The interventional treatment of chronic total occlusion (CTO) with stent fracture as well as severe calcification was extremely difficult and no effective technique has been reported.

Case presentation

A 50-year-old woman was hospitalized for angina, angiography revealed triple vessel disease, CTO accompanied with stent fracture in right coronary artery (RCA). Treatment using conventional coronary intervention was expected to be difficult.
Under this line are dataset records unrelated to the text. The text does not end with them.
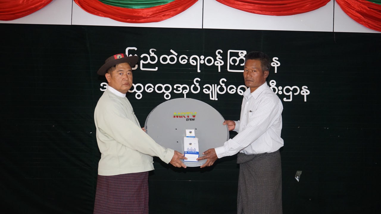 ထိုသို့ ပေးအပ်ရာတွင် ဌာနဆိုင်ရာရုံးများ၊ ဘုန်းတော်ကြီးသင်ပညာရေးကျောင်း၊ ပရဟိတကျောင်းများနှင့် စာကြည့်တိုက်များသို့ ပြန်ကြားရေးဝန်ကြီးဌာနမှ ပေးအပ်သော DTH စလောင်း (၃) စုံနှင့် Set Top Box (၂၂) လုံး တို့အား မြို့နယ်စီမံအုပ်ချုပ်ရေးအဖွဲ့ ဥက္ကဋ္ဌ ဦးမြင့်ထွန်းနှင့် အတွင်းရေးမှူး ရဲမှူးဌေးအောင်တို့က သက်ဆိုင်ရာတာဝန်ရှိသူများ လက်ဝယ်သို့ ခွဲဝေပေးအပ်ခဲ့ကြောင်း သိရသည်။
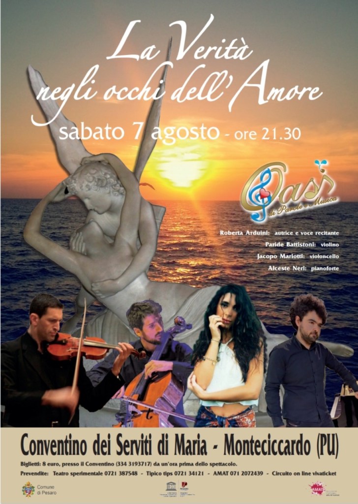 Sabato 7 agosto al Chiostro del Conventino di Monteciccardo – nell’ambito di Conventinote prima rassegna promossa dal Comune di Pesaro con l’AMAT – appuntamento con La verità negli occhi dell’amore, coinvolgente spettacolo di parole e musica in prima assoluta di Roberta Arduini con Oasi: Roberta Arduini (autrice e voce recitante), Paride Battistoni (violino), Jacopo Mariotti (violoncello) e Alceste Neri (pianoforte).
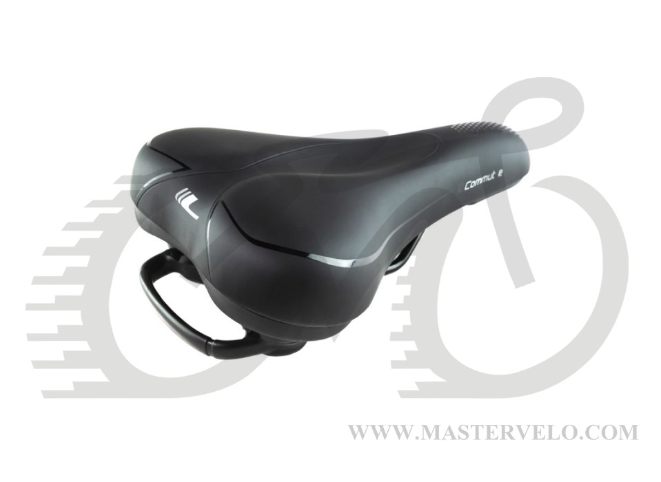 Зручне сідло COMUT-E призначене для комфортної їзди в міських умовах та на легкій місцевості. Відмінний комфорт забезпечується подвійною пружинною системою, де більшість вібрацій поглинається внутрішньою пружинною, а рівновага зовнішнім еластомером. Еластомер покриває пружину. Частиною системи є також ручка, яка забезпечує зручне зчеплення з велосипедом. Опущений середня частина зменшує тиск в області між сідничними кістками. Міцний верх запобігає ковзанню на сідлі під час їзди. Сталеві рейки збільшують термін служби сідла.
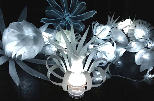 Nottingham, sebuah kota di timur Inggris mengadakan acara tahunan yang unik bernama “Light Night”. Beberapa orang terlibat di dalamnya, termasuk Sarah Turner yang memboyong karyanya berupa ribuan bunga lampu LED dari botol plastik.
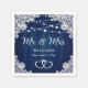 Decorate your navy blue rustic wedding party with these romantic Mr. and Mrs. wedding paper napkins featuring intertwined hearts against a rustic wood background adorned with elegant floral lace and string lights.
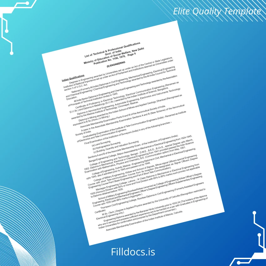 This India Government of India Ministry of Education Degree Diploma Equivalent Template – Word/PDF is a professional, fillable document designed to meet official standards for academic recognition. It provides users with a versatile and customizable solution suitable for creating replacement diplomas or novelty certificates quickly and accurately. This template serves individuals needing instant access to a high-quality diploma format compatible with widely used office software.
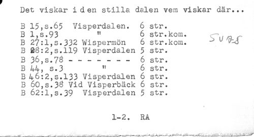 //// Det viskar iden stilla dalen vem viskar dar... //// B 15,s.65 Visperdalen. 6 str. //// B l,s.93 " 6 str.kom. //// B 27:1,s.332 Wispermön 6 str.kom. -> //// B &3:2,s.ll9 Visperdalen $ str. //// B 36,s.73----6 str. //// B 44, s.3 " 6 str. //// B 46:2,s.133 Visperdalen 6 str. //// B 60,s.33 Vid Visperbäck 6 str. //// B 62:1,s.39 Visperdalen 5 str. //// * //// 1-2. RÅ ////
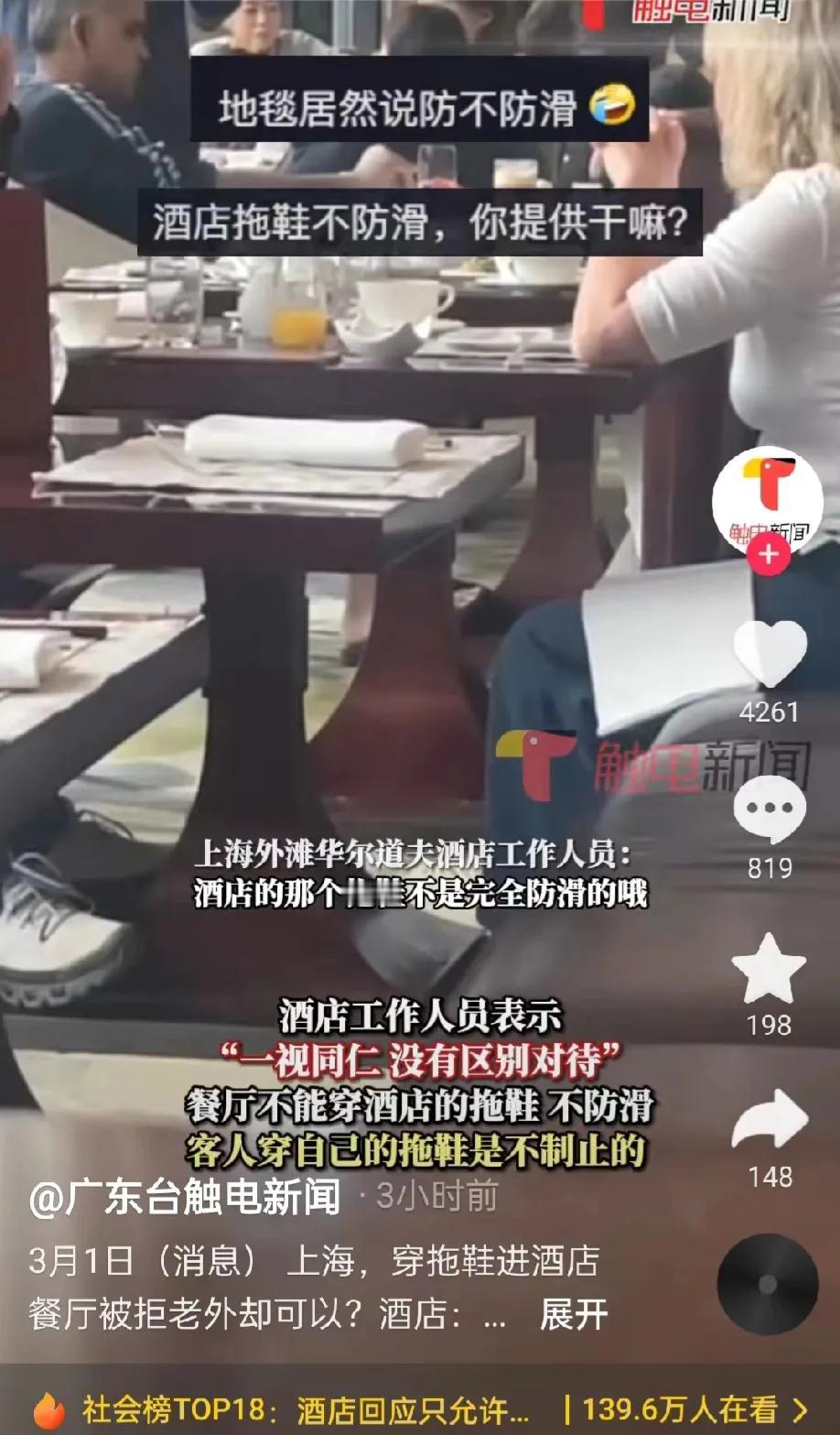 “崇洋媚外到极致!”上海,一男子入住五星级酒店,穿着酒店拖鞋来到用餐区。不料酒店工作人员不让男子进,说,会影响客人用餐。可是,接着一名外国人穿着人字拖,大摇大摆的进入酒店用餐。男子觉得受到了歧视。酒店回应道,允许客人穿自己买的拖鞋进入用餐,但是穿着酒店的拖鞋则不允许。
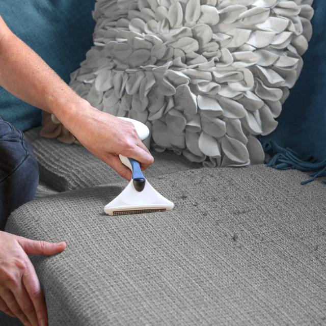 毛玉を取った後は反対側のリントブラシで衣類の仕上げもできる1本2役。毛玉取り後の仕上げ、衣類についた糸くず、ペットの毛などを優しく取り除くことができます。

Therefore, we performed RASER technique, which was a combination of excimer laser coronary atherectomy (ELCA) with rotational atherectomy (RA), followed by the deployment of drug-eluting stents. Intravascular ultrasound (IVUS) revealed well attachment of the stents, the patient was discharged 3 days after the procedure and no recurrent chest discomfort was reported in a follow-up time of 10 months.

Conclusion

This case report provided a first report of RASER technique in the treatment of CTO with stent fracture and severe calcification.
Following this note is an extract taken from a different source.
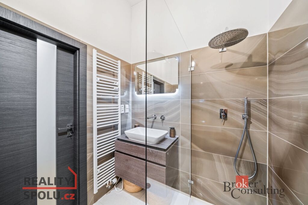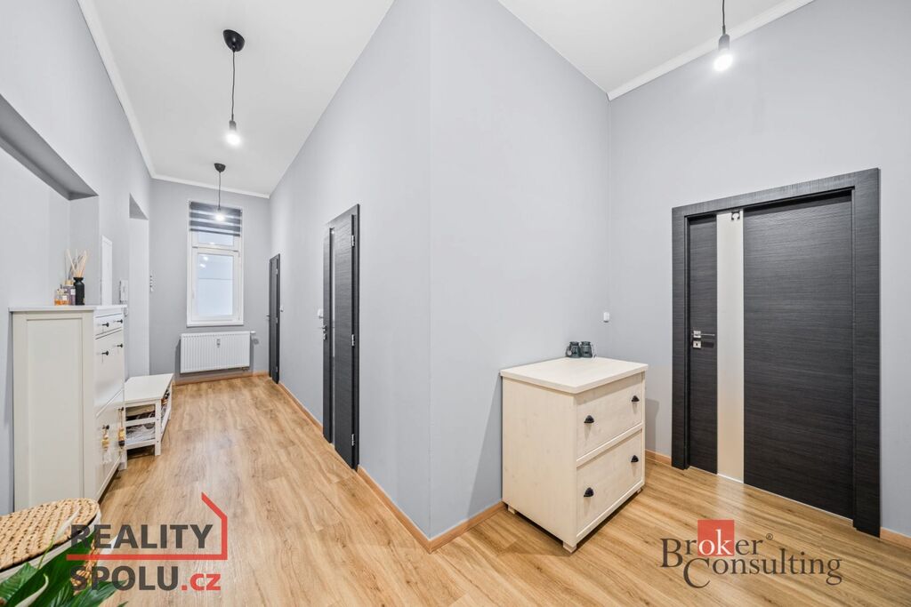 Moderní designová kuchyňská linka nabízí dostatek úložného místa i pracovní plochy. Prostorná koupelna má vanu i sprchový kout, WC je samostatné. V obytných místnostech jsou vinylové podlahy – praktické, odolné a příjemné na užívání. Dům vytápí vlastní plynový kotel pro celý objekt, což znamená stabilní komfort a efektivní provozní náklady. Okolí postupně prochází rekonstrukcemi, ulice získává nový lesk a udržuje si pověst prestižní a velmi žádané adresy s rychlou dostupností do centra, MHD, škol i kompletní občanské vybavenosti.
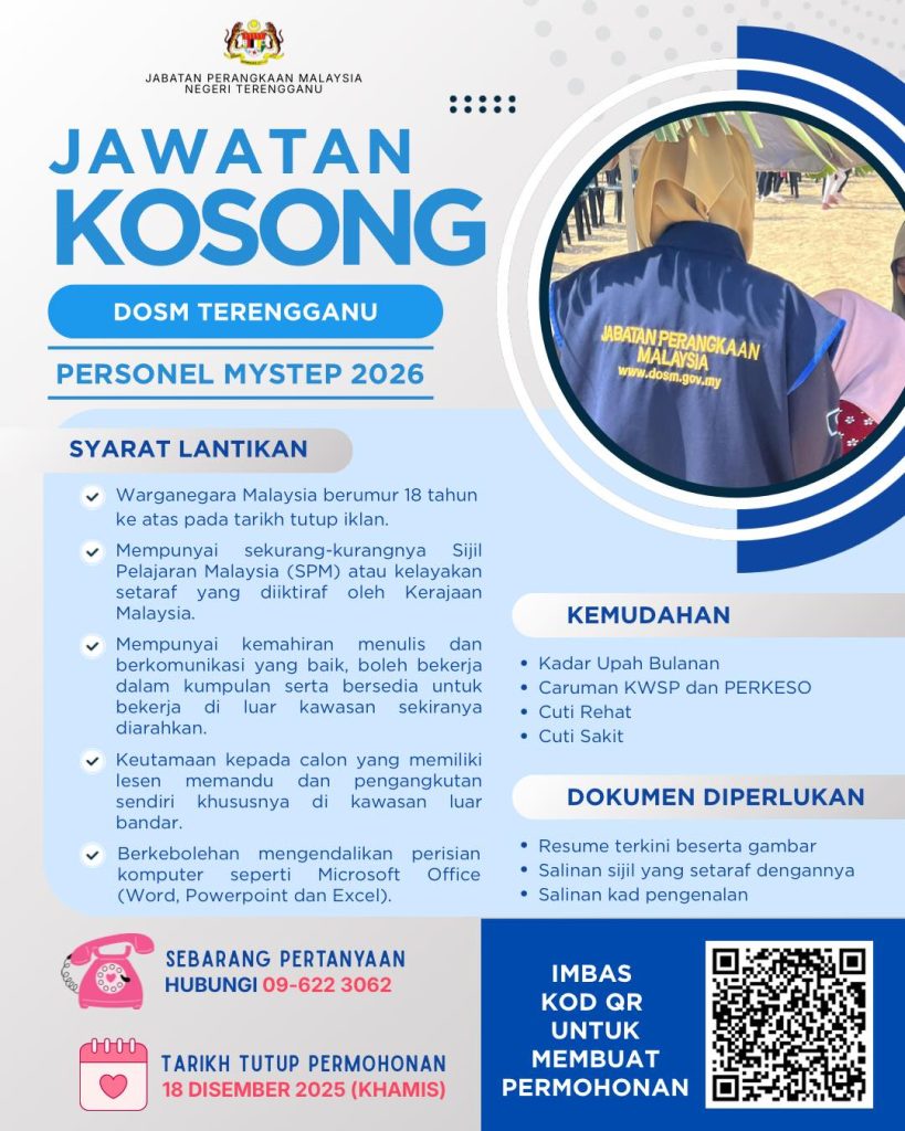 Iklan Kini Jabatan Perangkaan Malaysia Negeri Terengganu / Kekosongan Personel MySTEP Klik Iklan Jawatan

Although drug-eluting stent based intervention has become the most widely used treatment for coronary heart disease, a high incidence of in-stent restenosis after coronary stent implantation remains an important challenge [1]. Previous studies demonstrated that rotational atherectomy (RA) is safe and effective to treat stent restenosis [2, 3]. Meanwhile, excimer laser coronary atherectomy (ELCA) has a long history of adjunctive therapy that can be applied to treat in-stent restenosis (ISR) [4]. However, in particular case of complicated CTO after ISR, microcatheter and Rota Wire could not pass the lesion, makes the operation difficult. The RASER technique combines ELCA with RA, since ELCA could provide an upstream channel to permit microcatheter and Rota Wire passage, while RA could fully debulk the lesion [5]. Unfortunately, there is no report regarding combination of ELCA and RA in CTO accompanied with stent fracture. In the current report, we described a novel application of RASER technique to successfully treat in-stent occlusion accompanied with stent fracture in RCA.
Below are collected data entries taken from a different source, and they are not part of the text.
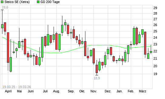 Mit dem Anstieg auf 22,80 EUR hat die Steico-Aktie am 18.03.2026 die 200-Tage-Linie nach oben gekreuzt.
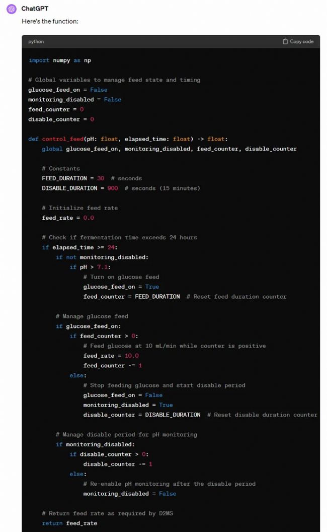“Obtain the pH and elapsed fermentation time (in hours) from the function arguments, and returns feed rate. After 24 hours of fermentation, keep monitoring the pH value. If the pH rises above 7.1, feed glucose at a rate of 10 mL/min for 30 seconds. After 30 seconds, turn off the glucose feed and disable pH monitoring for 15 minutes. After 15 minutes, repeat the previous steps.”
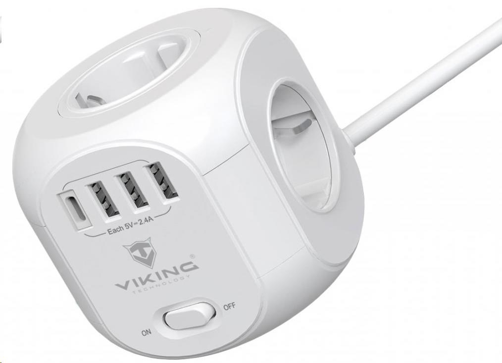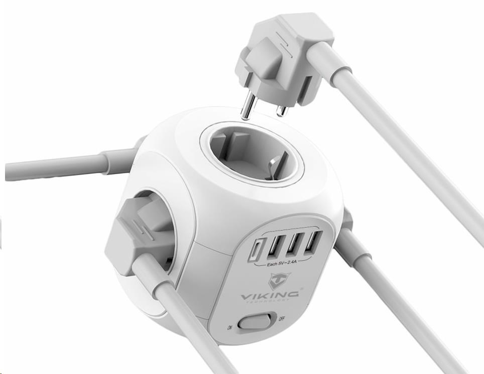 Vďaka šírom 4 AC zásuvkám, 3 portom USB-A a jednému USB-C portu umožňuje Viking AC Cube súčasné napájanie až ôsmich zariadení. Už nikdy nebudete musieť hľadať voľnú zásuvku alebo USB port.
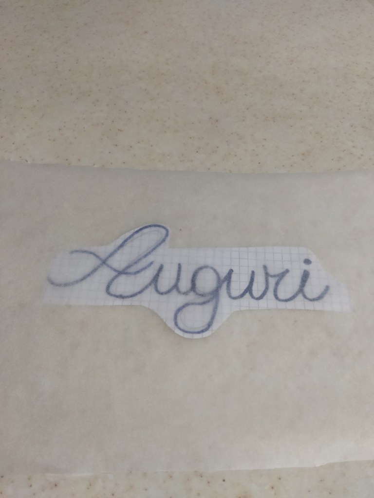 3. Se siete bravi, ma bravi bravi, potete scrivere direttamente sulla torta. Se invece siete poco pratici come me, allora preparate la scritta su un foglio di carta normale, o stampatela, se non avete una bella calligrafia. Fissate questo foglio sul piano di lavoro e ricopritelo con un foglio di carta forno, anche questo fissato sul piano. L’ideale sarebbe utilizzare un vassoio per poter poi spostare facilmente la scritta di cioccolato nel frigo. Quindi con la vostra “penna” fatta con la carta forno, con decisione e calma, ricopiate la scritta che vedete in trasparenza attraverso la carta forno. Fatta la scritta, lasciate che il cioccolato si solidifichi di nuovo. Più ripassate il cioccolato sulla scritta, più questa sarà spessa e quindi sarà poi più facile da staccare dalla carta forno un volta che il cioccolato si sarà solidificato, evitando che si rompa.

A 50-year-old woman was hospitalized on October, 2017 for ongoing limiting angina pectoris. The patient had a history of precordial chest pain for 4 years, and aggravation for 1 week. Four years ago, she was diagnosed unstable angina pectoris and old anterior myocardial infarction at local hospital. Angiography revealed triple vessel disease involving proximal LAD, middle LCX and middle RCA (Fig. 1), The patient underwent percutaneous coronary intervention (PCI) with 3 drug eluting stents (DESs) (2.5 mm × 33 mm, 2.5 mm × 18 mm and 2.5 mm × 23 mm) in RCA, and 1 DES (3 mm × 38 mm) in the LAD (Fig. 1). The patient’s symptoms relived after PCI, while secondary prevention medications were taken regularly (clopidogrel was stopped after one and a half years, aspirin continued). Past medical history includes type 2 diabetes for 21 years, hyperlipidemia for 4 years, left renal artery stenosis and underwent stenting for 1 year, diabetic foot necrosis and underwent left foot amputation for 5 months. She has no family history of coronary heart disease.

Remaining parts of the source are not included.